12)"É impraticável, contudo, manter nosso sono livre dos estímulos; eles incidem na pessoa adormecida vindos de todos os lados - como os germes de vida de que se queixava Mefistófeles -, vindo de fora e de dentro,e até de partes do corpo que passam inteiramente despercebidas na vida de vigília. Assim, o sono é perturbado; primeiro uma parte da mente é abalada e despertada, e depois, outra; a mente funciona por um breve momento com sua parte desperta e, então, alegra-se em adormecer de novo. Os sonhos são uma reação à perturbação do sono provocada por estímulo - uma reação, aliás, bastante supérflua.

Mas a descrição do sonhar - que, afinal de contas, continua a ser uma função da mente - como um processo somático implica também outro sentido. Destina-se a demonstrar que os sonhos não merecem ser classificados como processos psíquicos. O sonhar tem sido muitas vezes comparado com "os dez dedos de um homem que nada sabe de música, deslocando-se ao acaso sobre as teclas de um piano" [Strümpell, 1877, 84; ver em [1], adiante]; e esse símile mostra, melhor do que qualquer outra coisa, o tipo de opinião que geralmente fazem do sonhar os representantes das ciências exatas.

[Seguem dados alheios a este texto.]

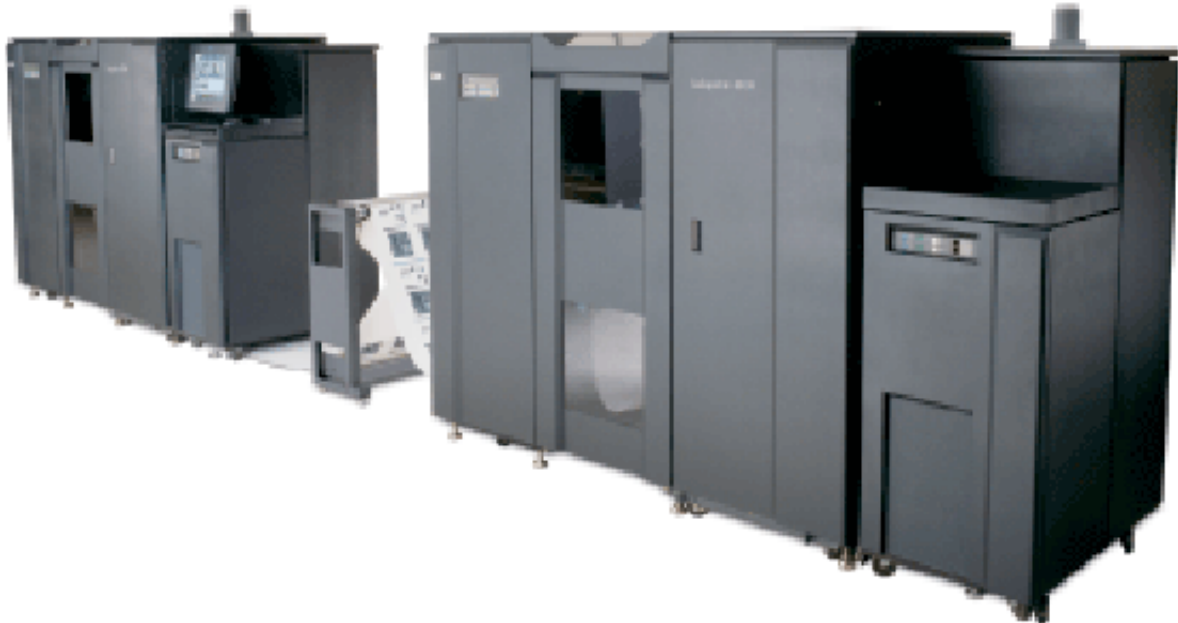
Figure 45. Infoprint 4100-HD1/HD2 and 4100-PD1/PD2 Printers

Table 139 summarizes the printer characteristics for the Infoprint 4100-HD1/HD2 and 4100-PD1/PD2 printers.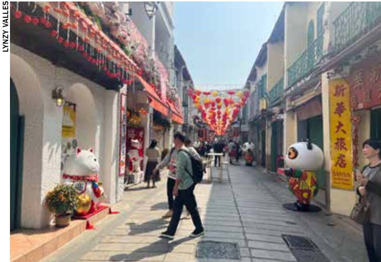
me in October.

The latest scope of traffic optimization measures for this area are expected to be announced after the holiday, some-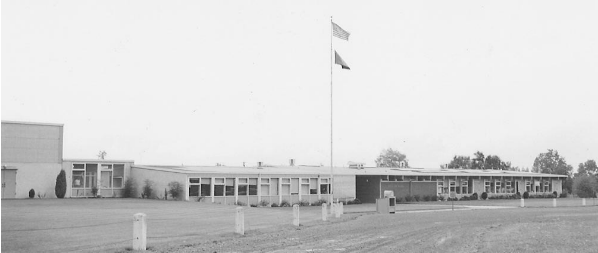
Seven Oak Middle School after significant additions in 1963.

Seven Oak Middle School came about because of the consolidation of two school districts. With the upper floor of their two-story school condemned, and with student populations growing, Waterloo School District consolidated with Crowfoot School District in 1952. A new school was built at Waterloo that year, and in 1955 Seven Oak School was completed to house the district's seventh and eighth grade students.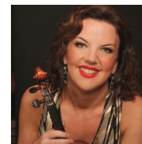
Tasmin Little 22 September 2012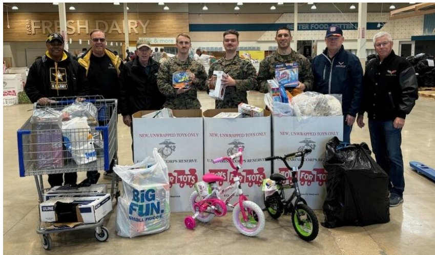
Unloading the toys at the collection center.

Fantastic effort, Route 66 Corvette Club!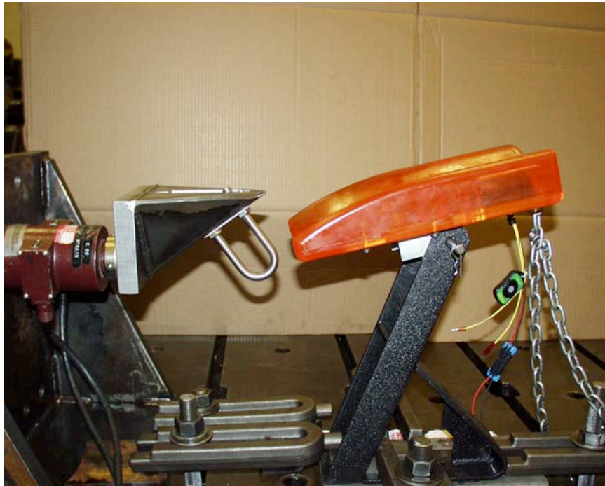
Fig. 1 - Overall side view of test setup.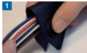
1 Push tool over cables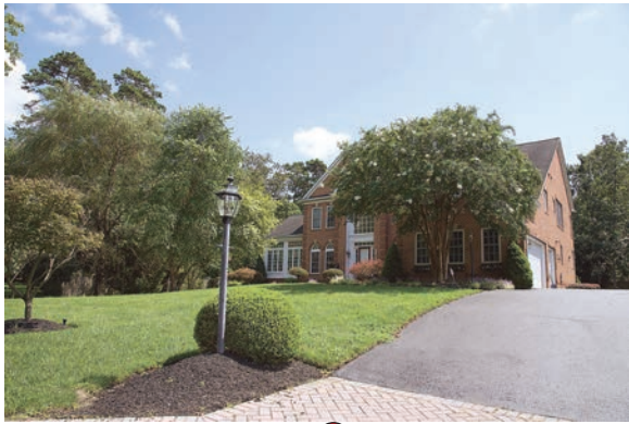
8 8700 SNOWHILL CT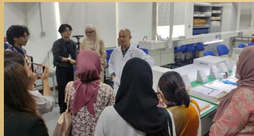
Students are listening to a briefing on the processes of conservation and preservation

Next, we were taken to the bustling working area within the preservation room. Here, we observed several staff members meticulously cleaning and addressing minor damages on records before carefully sorting them into boxes. The students were immediately captivated by the various preservation tools they had never seen before, such as bone folders, static brushes, filmoplast, and many more.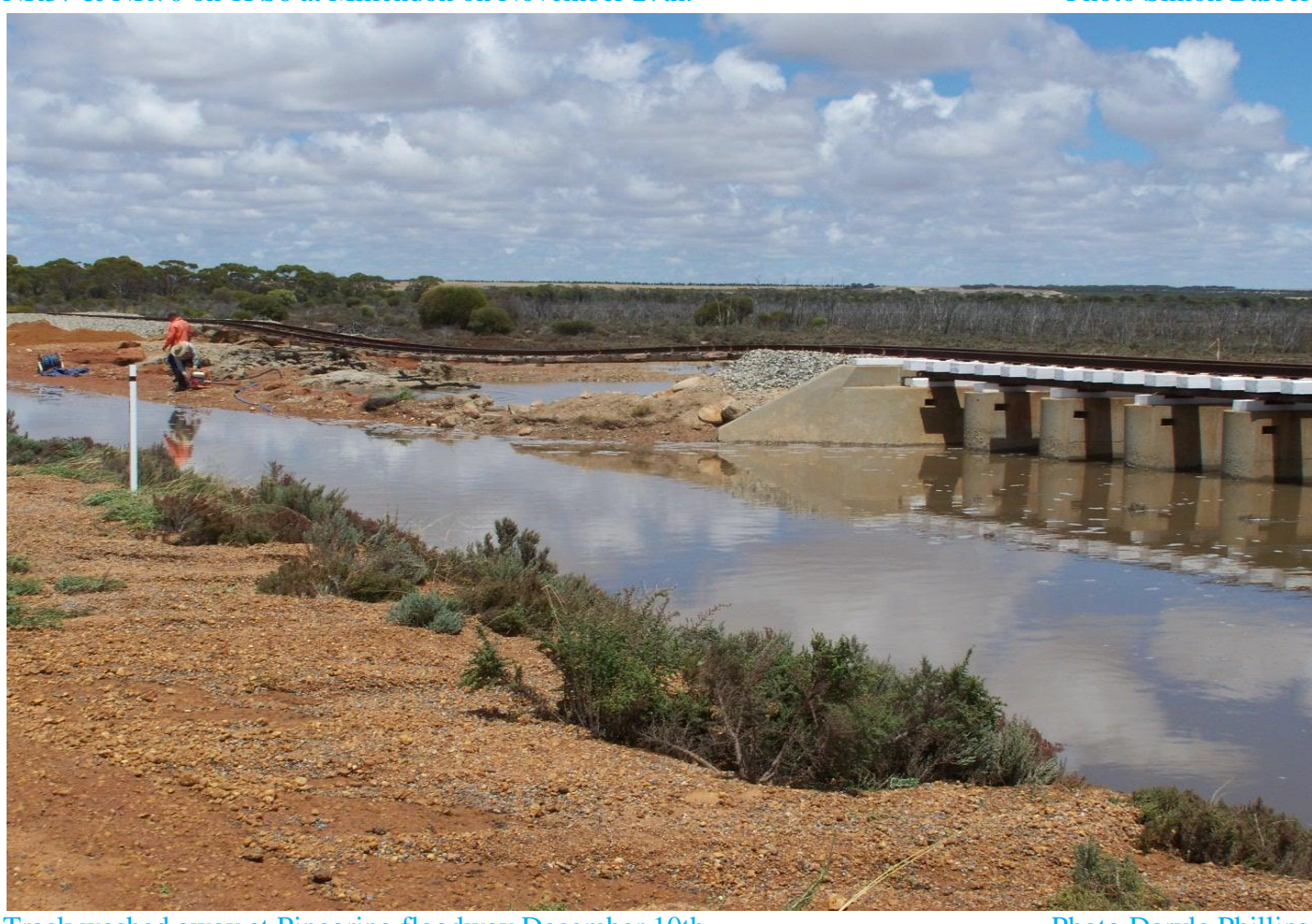
Track washed away at Pingaring floodway December 10th.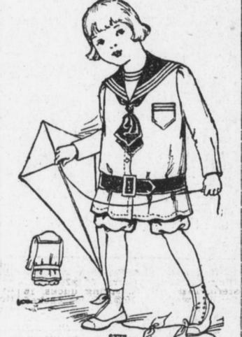
8777 Boy's Suit, 2 to 6 years.

No suit ever devised is more becoming to the small boy than this one in Russian style. It is finished with a sailor collar and with a low shield that means comfort as well as smartness. It can be made from washable materials and from wool fabrics. In the picture, white galatea is trimmed with collar of blue and that material is good one for the autumn, but the model can be copied in linen or in cotton poplin or in serge for the older boys. White cotton gabardine is good too and the collar could be either of white or of a color. Just now, there is a fancy for embroidering boys' suits and cotton gabardine or linen or galatea would be charming with the collar matching the suit and finished with scalloped edges, while the pockets and the shield also are scalloped. The suit is a very simple one to make, the coat being long and held in by means of the belt and the trousers are the regulation sort with hems at the lower edges in which elastic is inserted. The sleeves are laid in plaits at the wrists that give a pretty, cuff-like effect.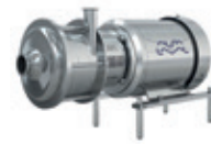
Alfa Laval LKH Multistage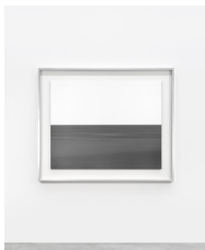
Tasman Sea, Marion Bay , 2017 Gelatin silver print Neg. #604 Image: 47 x 58 3/4 in. (119.4 x 149.2 cm) Frame: 60 11/16 x 71 3/4 in. (154.2 x 182.2 cm) Edition of 5 No. 20196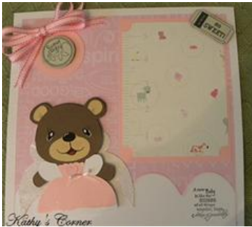
Scrap book layout for Baby Girl

The white background edging was from Martha Stewart Elegant Cake Art cut at 3.88 and I welded 2 of them together after I removed the circle in the original border. I did this all on my Gypsy.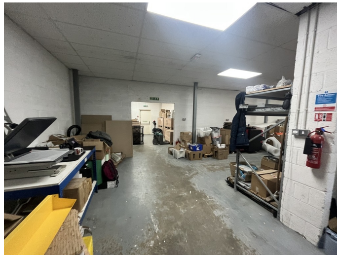
Ground Floor Warehouse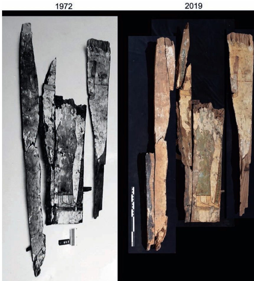
Fig. 2 Comparison of black and white photo and new photographic documentation of inner side of coffin fragments Reg. 657.

the Ankh-Hor Project. The large-scale conservation program will be continued in the upcoming seasons.

Sob esse prisma, o sonho é algo total e completamente impossível de interpretar, pois como poderiam os dez dedos de alguém que não soubesse música produzir uma peça musical?"

Trecho de "A Interpretação dos Sonhos" (1900) [ES, IV, p.82]




13)"Devem estar lembrados de que eu disse (ver a partir de [1]) que o indivíduo que devaneia oculta cuidadosamente suas fantasias dos demais, porque sente ter razões para se envergonhar das mesmas. Devo acrescentar agora que, mesmo que ele as comunicasse para nós, o relato não nos causaria prazer. Sentiríamos repulsa, ou permaneceríamos indiferentes ao tomar conhecimento de tais fantasias. Mas quando um escritor criativo nos apresenta suas peças, ou nos relata o que julgamos ser seus próprios devaneios, sentimos um grande prazer, provavelmente originário da confluência de muitas fontes. Como o escritor o consegue constitui seu segredo mais íntimo. A verdadeira ars poetica está na técnica de superar esse nosso sentimento de repulsa, sem dúvida ligado às barreiras que separam cada ego dos demais. Podemos perceber dois dos métodos empregados por essa técnica. O escritor suaviza o caráter de seus devaneios egoístas por meio de alterações e disfarces, e nos suborna com o prazer puramente formal, isto é, estético, que nos oferece na apresentação de suas fantasias. Denominamos de prêmio de estímulo ou de prazer preliminar ao prazer desse gênero, que nos é oferecido para possibilitar a liberação de um prazer ainda maior, proveniente de fontes psíquicas mais profundas. Em minha opinião, todo prazer estético que o escritor criativo nos proporciona é da mesma natureza desse prazer preliminar, e a verdadeira satisfação que usufruímos de uma obra literária procede de uma libertação de tensões em nossas mentes. Talvez até grande parte desse efeito seja devida à possibilidade que o escritor nos oferece de, dali em diante, nos deleitarmos com nossos próprios devaneios, sem auto-acusações ou vergonha."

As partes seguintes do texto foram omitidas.